India versus England. The last Test of the last-but-one series in the current World Test Championship cycle. Everything is on the line. For India, it's simple: win or draw, and they book their place in the final, alongside New Zealand. For England there's the incentive of playing spoiler: if they win, India will miss out, and Australia will make the final instead.
When you throw in all the conflicting emotions of Australia fans cheering England, you have just the sort of scenario the ICC and its member boards may have hoped for when they came up with the concept of the Test Championship.
And yet, on the eve of the Test match that will determine India's fate in the tournament, their captain didn't sound like a man dreaming about glory in the final.
"If you want me to be brutally honest, it might work for teams who are not that motivated to play Test cricket," Virat Kohli said, when asked what he thought of the Test Championship as a concept. "Teams like us, who are motivated to play Test cricket and want to win Test matches and keep Indian cricket team at the top of the world in Test cricket, we have no issues whatsoever, whether it's a World Test Championship or not. I think for teams like us, it's only a distraction when you start thinking of the World Test Championship.
"Eventually it's only a game of cricket. Even that game, a World Cup final, semi-final, anything you take, it's a game of cricket at the end of the day, and if you're not motivated to play a normal game of cricket and you're extra-motivated to play a game of cricket which has some incentive to it, for me, as an individual, that's unacceptable, and we as a team have never played with that mindset.
"For us, any game is important, we are going to go for a result whenever the opportunity presents itself, and that's why people want to watch us as a team now. You could ask some of the teams that probably wouldn't have looked at Test cricket as a priority, but for us it really doesn't change anything. As I said, if we start thinking too much about it, then that is a distraction from our process and plans."

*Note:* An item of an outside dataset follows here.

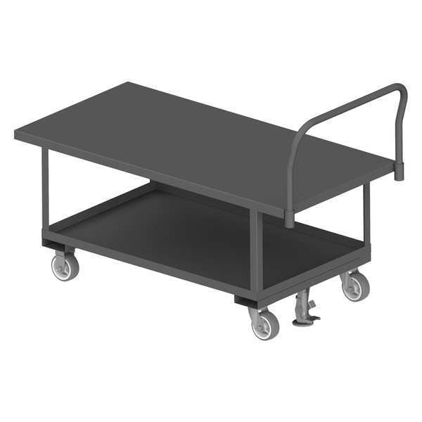 Platform Truck, Load Capacity 2,000 lb, Overall Height 42 1/4 in, Overall Length 63 5/8 in, Overall Width 30 3/8 in, Deck Construction Solid, Deck Material Steel, Deck Finish/Coating Powder Coated, Deck Gauge 12 ga, Deck Height 26 in, Deck Length 60 in, Deck Width 30 in, Deck Surface Smooth, Frame Material Steel, Frame Finish/Coating Powder Coated, Handle Type Removable Raised, Lip Style Combination, Side Panel Type No Side Panels, Number of Platforms 2, Color Gray

Now there are a couple of things to keep in mind when you read that quote. One, Kohli may well have expressed himself more harshly than intended while trying to communicate his single-minded focus on the immediate task at hand - winning the fourth Test against England - and play down the significance of the prize that awaits his team if they complete it successfully.
And it's not that the view expressed here is shared by everyone in the India dressing room. Ishant Sharma, for instance, has spoken of the Test Championship final as being the equal of a World Cup final for him, now that he only plays one format for India. Others may share that view too.
But for Kohli to express himself as he did was a departure from his early enthusiasm for the Test Championship. When it was introduced, he suggested the Championship would add a whole new level of spice to Test cricket.
"I think for all the cricketers involved now, every session and every game will be more intense, there will be more on the line," he had said. "So it will be challenging, but all the more exciting and all the teams I am sure are going to enjoy a lot through this whole journey of the Test Championships."
"If you want me to be brutally honest, the WTC might work for teams who are not that motivated to play Test cricket."
Since then, global events - chiefly the Covid-19 pandemic - have conspired to take some of the gloss off this first cycle of the Test Championship. From all teams playing an equal number of series, a spate of cancellations led the boards to agree to a system that ranked teams based on the percentage of points they had contested. India ended up needing to do more to get to the final than most other teams, since they were one of only two teams who weren't affected by cancellations.
It was always going to be an imperfect solution in an imperfect situation, and Kohli expressed his displeasure after India lost the first Test against England, leaving them in a delicate situation as far as reaching the final was concerned.
"If suddenly the rules can change when you're in lockdown, nothing is in your control at all," he said then. "So we're not bothered at all about the table or the things that are going on on the outside. For some things there's no logic, for some things you can have a debate for hours, as much as you want, but the only thing that you can control as a side, to an extent, is playing good cricket, and that's our only focus, regardless of who's on top of the table."
If India fail to reach the final, Kohli will probably remain lukewarm about the Test Championship, and that's only natural for someone in his situation. But if they get there, it's not inconceivable that he'll sing its praises again.